In his famous essay “Tragedy and the Common Man” (1949), Arthur Miller modifies the
Aristotelian definition of tragedy (as based on a “tragic flaw”) and argues that “the tragic
feeling is evoked in us when we are in the presence of a character who is ready to lay down
his life, if need be, to secure one thing—his sense of personal dignity.” Tragedy then, Miller
writes “automatically demonstrates the indestructible will of man to achieve his humanity.”
The concept of human dignity, like the concept of “humanity,” can be considered a historical
and exclusionary concept that defines an exclusionary category (since not everyone is
automatically granted the status of ‘human’). The disabled characters and their narrative
journeys towards humanity and human dignity (e.g., Elephant Man narratives) are at the core
of Miller’s understanding of tragedy. Their narrative journeys are very much rooted in this
narrative model of a quest towards human dignity. In tragic narratives, this quest succeeds
(through the pathos of suffering, sacrifice and self-sacrifice, and eventual redemption). In
comic narratives, this quest can either fail or succeed. It succeeds in inspirational, “heroic”
narratives that employ humor to make the quest and heroism of the character more palpable
for non-disabled audience members. However, it fails in grotesque and farcical narratives
where the disabled character is either demonically “evil” or a surreal fantasy creature (outside
of the category of “human”).

Like all other marginalized groups, the disabled have also found recourse in humor as a coping
strategy. Since most of that type of coping humor involves some form of self-deprecation, like
other critics the theorists of disability and humor studies have wondered whether such humor
indeed has liberatory potential or whether it reinforces and codifies the marginalization of
non-normative bodies. In her book on Jewish humor, Ruth R. Wisse (2013) asks whether Jews
can ever “overdose” on the self-deprecating humor: can a group of people who have been
threatened with violence and extinction time and time again really afford to perpetuate the
kind of humor that further self-marginalizes them? In a similar vein, the theorists of African
American humor have wondered to what degree the self-deprecating humor “engendered by
the slavery experience and codified during the relatively extended and popular run of
blackface entertainment endured” backfired on the African American community by
confirming and perpetuating some of the worst stereotypes of the era (Watkins 39). Today’s

self-deprecating Jewish, African American, or feminist humor oſten involves the element of

meta-irony, and critics continue to argue about how effective such comic strategies are. Some
disabled stand-up (or stand-down) comics, like Stella Young or Maysoon Zayid used the
reversed gaze humor as a way to reframe the narrative language around their disabilities.
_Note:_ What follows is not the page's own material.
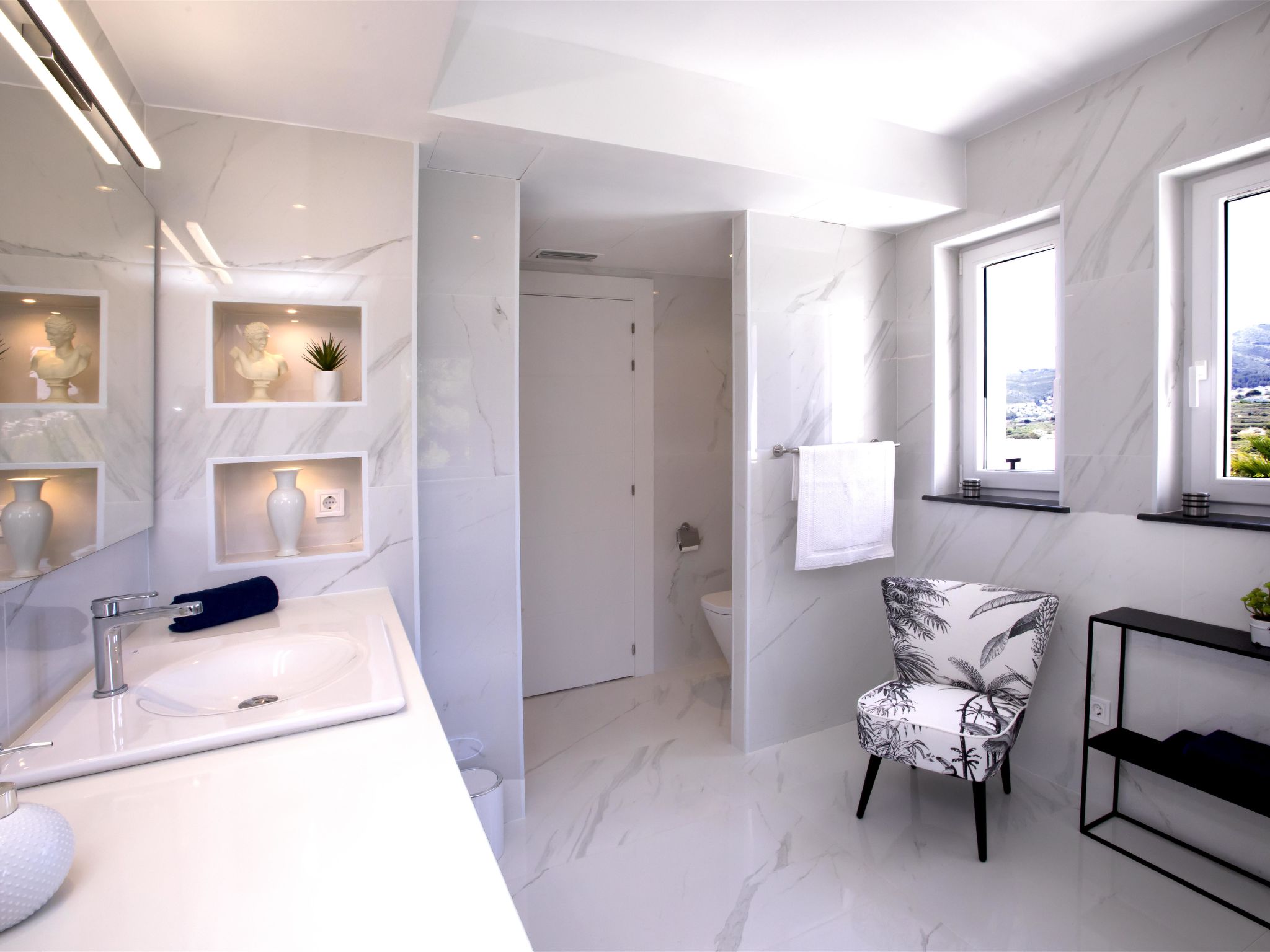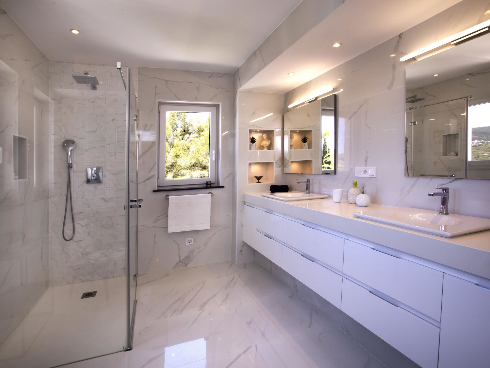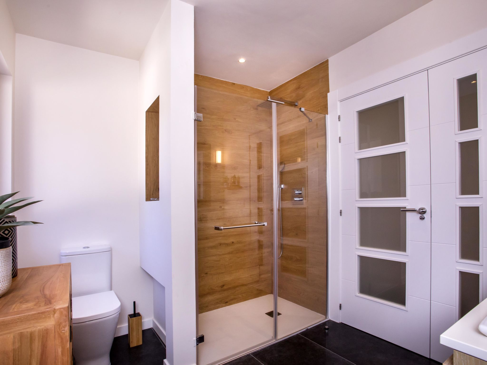 Very large, very modern, very luxurious villa "Almandrina", 2 storeys. In the district of La Lluca, in the resort 7 km from the centre of Javea - El Arenal, in a quiet, sunny position, 25 m from the edge of the forest, 7 km from the sea, 7 km from the beach. Private: property 2'000 m2 (fenced), large, beautiful, well-kept terraced garden with lawn and trees, swimming pool (10 x 5 m, depth 90 - 190 cm, seasonal availability: 01.Jan. - 31.Dec.) with internal staircase. Unconventional pool shape. Paddling pool, outdoor shower, pool house with fridge and cooking stove, pergola, garden furniture, barbecue house. In the house: air conditioning, laundry, washing machine. Parking on the premises, single garage. Shop 9 km, supermarket 2 km, shopping centre 20 km, restaurant 3 km, café 3 km, internet café 7 km, bus stop 7 km, sandy beach "Playa del Arenal" 7 km, shingle beach "Playa de Portitchol" 13 km, diving center 7 km. Sports harbour 7 km, golf course (9 hole) 2 km, surf school 7 km, sailing school 7 km, tennis 3 km, riding stable 10 km. Nearby attractions: Aqualandia Benidorm 40 km, Oceanografico Valencia 110 km. Hiking paths: Portichol 10 km. The owner does not accept any youth groups. Neighbourhood highly sensitive to noise. Quietness and good behaviour expected.

Like with every other marginalized group, the humor of the disabled has an inside and an

outside audience. The humor directed at the outside audience is oſten performed at the

expense of the marginalized group (with awareness of that group’s marginal status and its
relationship to the mainstream audience). The inside humor, on the other hand, returns a

comic gaze, oſten poking fun not so much at the marginal group but at the mainstream that

marginalizes it. In one of her 1950s interviews, Lorraine Hansberry noted that “The intimacy
of knowledge which the Negro may culturally have of white Americans does not exist in the
reverse.” The rights of the disabled lag significantly behind those of every other minority
group, and Hansberry’s statement captures well the current state of the relationship between
the disabled and non-disabled groups: the intimacy of knowledge that the disabled have of
the non-disabled community does not exist in the reverse. Susan Wendell (1997) noted that
“if disabled people were truly heard, an explosion of knowledge of the human body and
psyche would take place” (274). Perhaps the same can also be said of our humor?